Announcement

**coder** · 29 September 2022, 02:15 PM

Originally posted by AdrianBc View Post

AVX-512 implementation than in the majority of the Intel CPUs (with the exception of Xeon Platinum and similar overpriced Intel SKUs).

Even Platinum Xeon SP CPUs have serious problems with AVX-512 and clock-throttling. That's addressed somewhat in the Ice Lake generation, though I can't say how much. I expect Sapphire Rapids to be even better, but we'll see.

Throughput-wise, the dual-FMA Xeon models probably do outperform Zen4 in single-thread AVX-512 performance, on AVX-512 heavy workloads. In mixed and highly-threaded workloads, clock-throttling would probably impede the Xeons too much. Perhaps Sapphire Rapids will retake the lead here, as well.

Originally posted by AdrianBc View Post

Rewriting or recompiling programs to use AVX-512 can give a very nice boost to many applications, and it is a much more pleasant instruction set to program in than the previous crippled instruction sets implemented by Intel, i.e. MMX, SSE and AVX.

Pleasant? I didn't find anything unpleasant about the SSE code I've written, but if you need to do things like scatter/gather, then it's indeed painful to do with them. At least lane-swizzling got a lot better than the old days of MMX.

**WannaBeOCer** · 29 September 2022, 02:22 PM

Originally posted by qarium View Post

https://gpu.userbenchmark.com/Compar...3933vsm1850973

it looks like if you do not use raytracing the vega64 beats the A770...

and right now intels compute stack is not ready and ROCm/Hip works for the Vega64...

"only uses 180w while a RX Vega 64 uses around ~290w"

right but there is also a price difference .,.. and if you do not use raytracing the A770 looks like to be a bad choice.

maybe if you need the 16gb vram for compute then you maybe get a good deal.

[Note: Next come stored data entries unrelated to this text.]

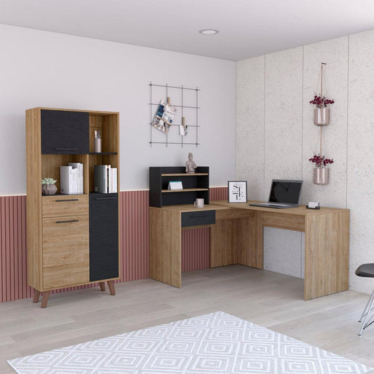 Combo Para Oficina Sandoval, Miel y Wengue, Incluye Escritorio y Biblioteca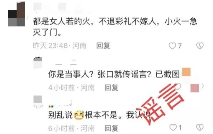 事发后,有人在网上无端揣测,说“都是女人惹的祸,不退彩礼不嫁人”,被证实是谣言。
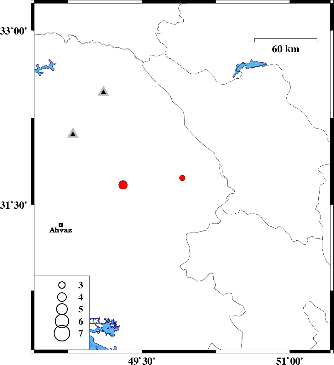 | 2007/03/11 | 13:48:42.7 | 17:18:42.7 | 31.67 | 49.31 | 14 | ML:4 | 29 km South of Masjed Soleyman, Khoozestan Province |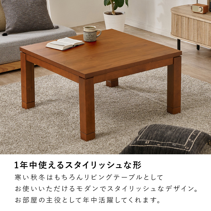 寒い冬はもちろん、リビングテーブルとしてお使いいただけるモダンでスタイリッシュなデザイン。お部屋の主役として年中活躍してくれます。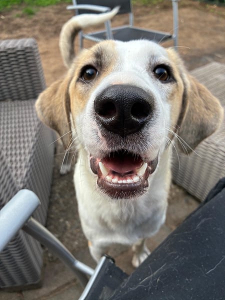 Klara ist eine etwa 55 cm große, freundliche, verschmuste, aufgeweckte und energiegeladene Hündin, die noch etwas unsicher in der Welt unterwegs ist. In neuen Situationen oder bei fremden Menschen reagiert sie vorsichtig und braucht ein wenig Zeit, um aufzutauen. Doch wenn sie die Menschen erst einmal kennt, sucht sie ihre Nähe, schmiegt sich an und genießt Streicheleinheiten.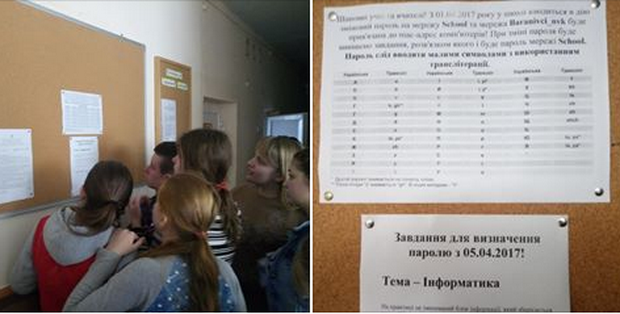 Причина в тому, що у школі було розпочато щоденну зміну паролю шкільної мережі Wi-Fi. Тепер кожного дня на дошці оголошень буде задано тематичне запитання, відповідь до якого і буде паролем на даний день!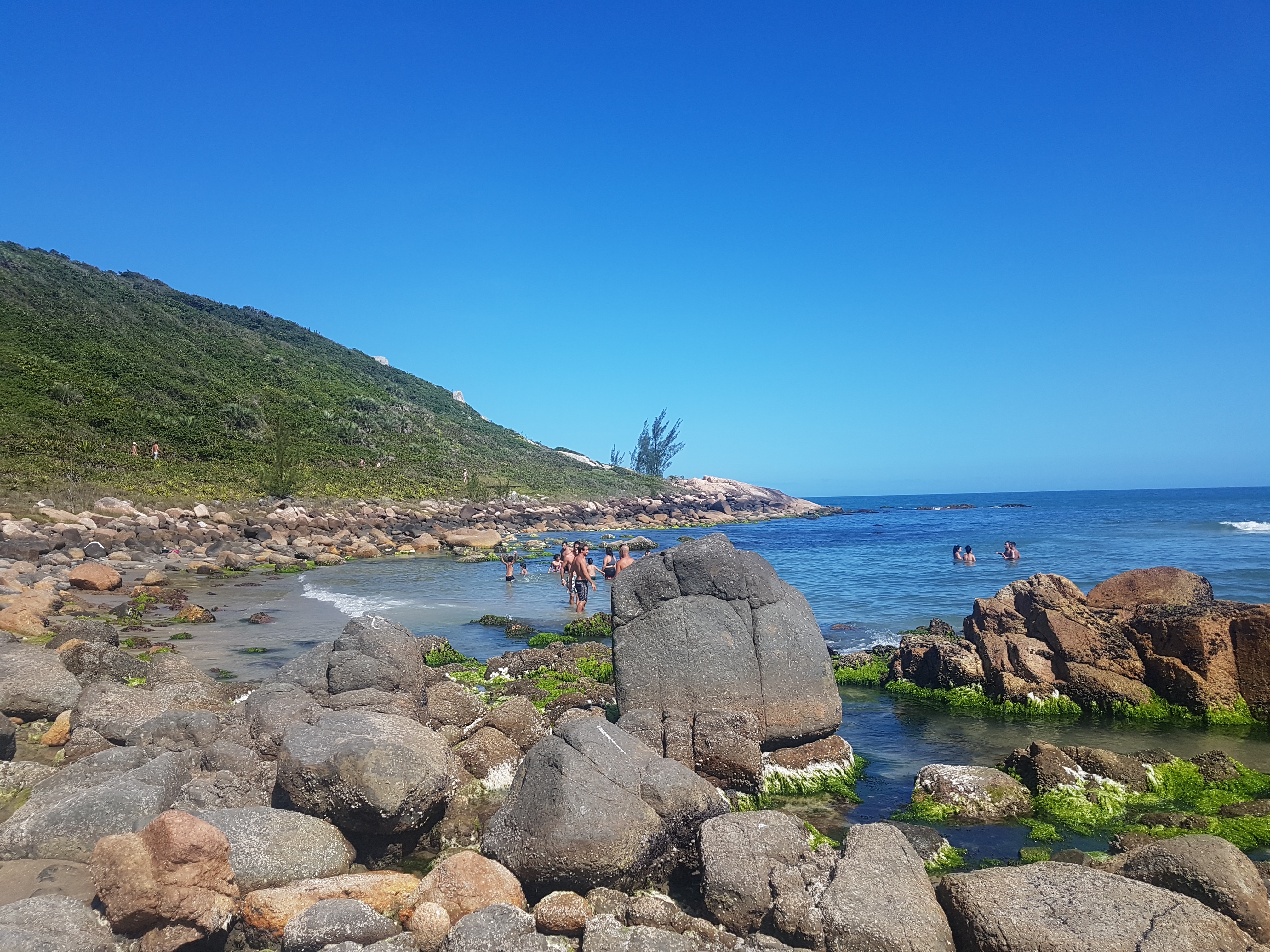 Ao final da Rosa Norte, junto do morro que a separa da Praia Vermelha, têm as piscinas naturais, rodeadas por pedras.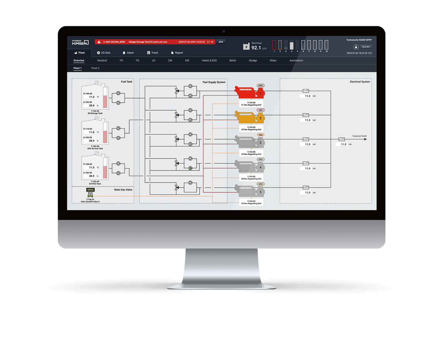 The Plant Control and Monitoring System is an industrial control interface that presents relationships and the status of plants with reduced flowcharts and standardised icons, allowing users to focus on the essential information and intuitively grasp the plant’s operational situation. Consistent colour schemes are used for the background, while eye-catching colours highlight fault conditions, so that emergencies are quickly recognised. The menu buttons are structured to allow users to easily access all screens to ensure seamless operation.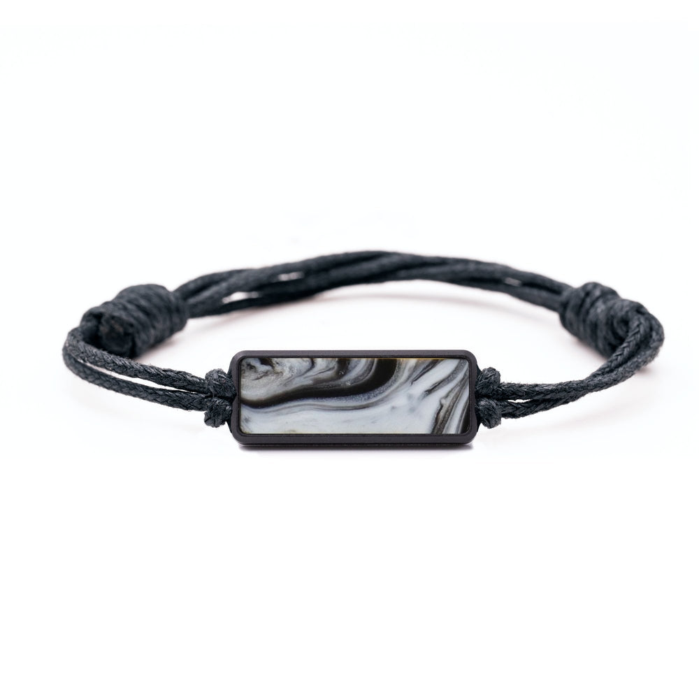The housing is machined from a solid piece of black anodized aluminum. The cord is tied with adjustable knots to make it easy to fit to your wrist. We then inlay a small piece of our Wood+Resin material in the front of the housing. Everything fits together perfectly to make a simple, unique bracelet.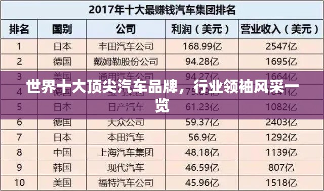 随着科技的飞速发展和全球化的推进,汽车行业已成为当今世界最为重要的产业之一,各大汽车制造商不断推陈出新,竞争日益激烈,在此,我们为您揭晓世界车排名前十名的品牌,这些品牌在汽车技术、品质、创新和市场占有率等方面均表现出色。
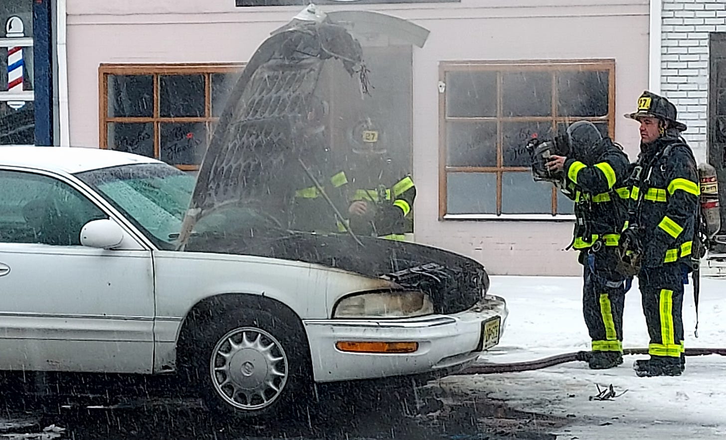 Volunteer Firefighter Andre Younger Responded In The Snow To A Car Fire Today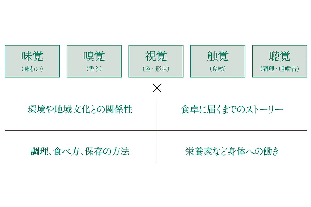 人間は五感と情報の掛け合わせで美味しさを味わっている。味覚、嗅覚、視覚、触覚、聴覚といった五感をフル稼働させることで、食材の風味や食味が存分に味わえる。同時に、料理に込められたつくり手の工夫や食材が育まれる環境のストーリーは、食事体験を豊かにするものだ。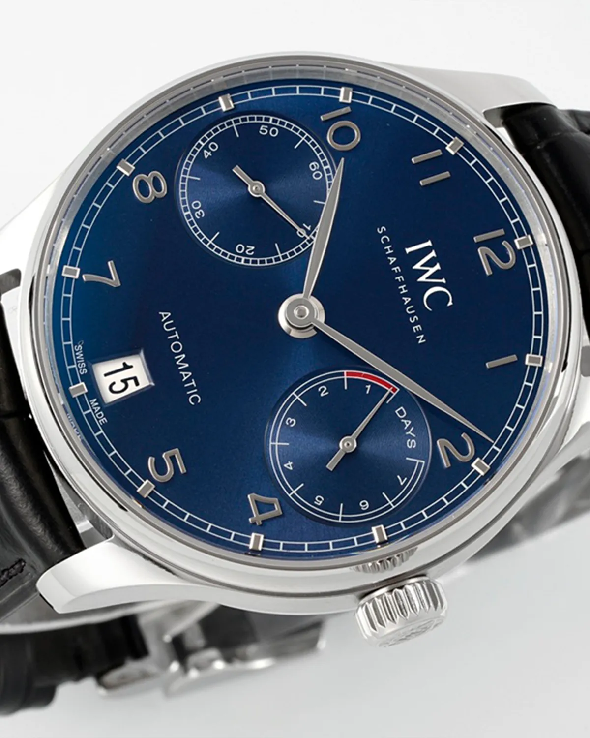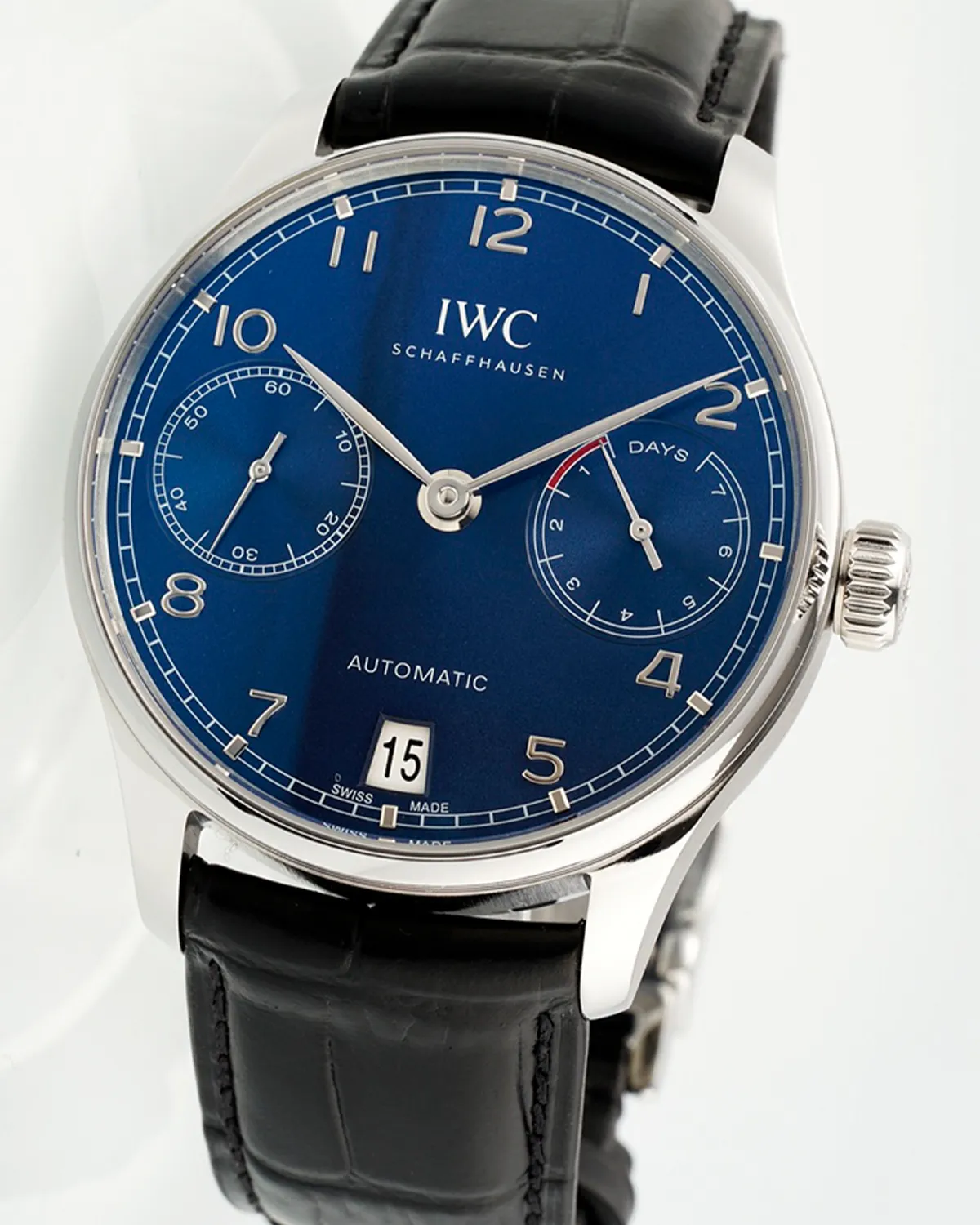 The Portugieser 7-Day Automatic is widely regarded as one of the most perfectly proportioned watches ever designed. This blue dial edition adds a layer of contemporary luxury to the classic silhouette. With its imposing size and uncluttered face, it bridges the gap between a dress watch and a casual daily wearer, making a statement of sophisticated taste.

Userbenchmark is a joke and if you notice many of the test are blank for the A770 because no one that’s not under embargo has one yet. Regarding regular rasterization they already announced that in DX12/Vulkan their A750 trades blows with the RTX 3060 while DX11 will be slower. They’re going to be in a similar situation to AMD’s GCN where their DX11 driver was ass then fanboys starting calling it fine wine. There’s no point in buying a Vega/RDNA1 GPU now since neither of them support DX 12 Ultimate meaning lack of mesh shaders.

Originally posted by atomsymbol

It is misleading because if I bought a Ryzen 7000 CPU then I would not be experiencing such power consumption, nor such power-efficiency, numbers when using my machine even if I decided to run the same apps as the apps that were tested in those Gamer's Nexus Youtube reviews.

Secondly, I hope you do understand that the purpose of their testing methodology is to reduce the statistical variance of their measurements - their testing methodology is not there to reproduce mine or your home/office conditions. If you believe that their testing environment is build to reflect actual home and office environments/conditions then you are mistaken. ---- Unless you happen to have a stable supply of liquid nitrogen to your home/office.

The power-efficiency numbers published on AMD's (or Intel's) slides are actually much more relevant for home/office use cases than what GamersNexus is reporting, if those slides contain power-efficiency curves comparing current-generation CPUs to previous-generation CPUs.

I am sure that NASA Jet Propulsion laboratory has very advanced testing methodologies as well ---- but the applicability of those methodologies to home and office environments is questionable.

You're trolling right? Every review I've seen that uses all the cores shows a 7950X using 240w+ in real world workloads. If you're only using your PC to game/office task then you're buying the wrong chip. What did you think was going to happen when you crank up frequency?

https://www.techpowerup.com/review/a...-7950x/24.html

**coder** · 29 September 2022, 02:37 PM

Originally posted by AdrianBc View Post

for such tasks the Intel efficient cores have a performance similar to that of a thread of a big Intel or AMD core.

LOL, wut?

No, they have only about 60% the integer performance of a P-core running 1 thread. Where the E-cores are faster is to load them instead of putting a second thread on a P-core.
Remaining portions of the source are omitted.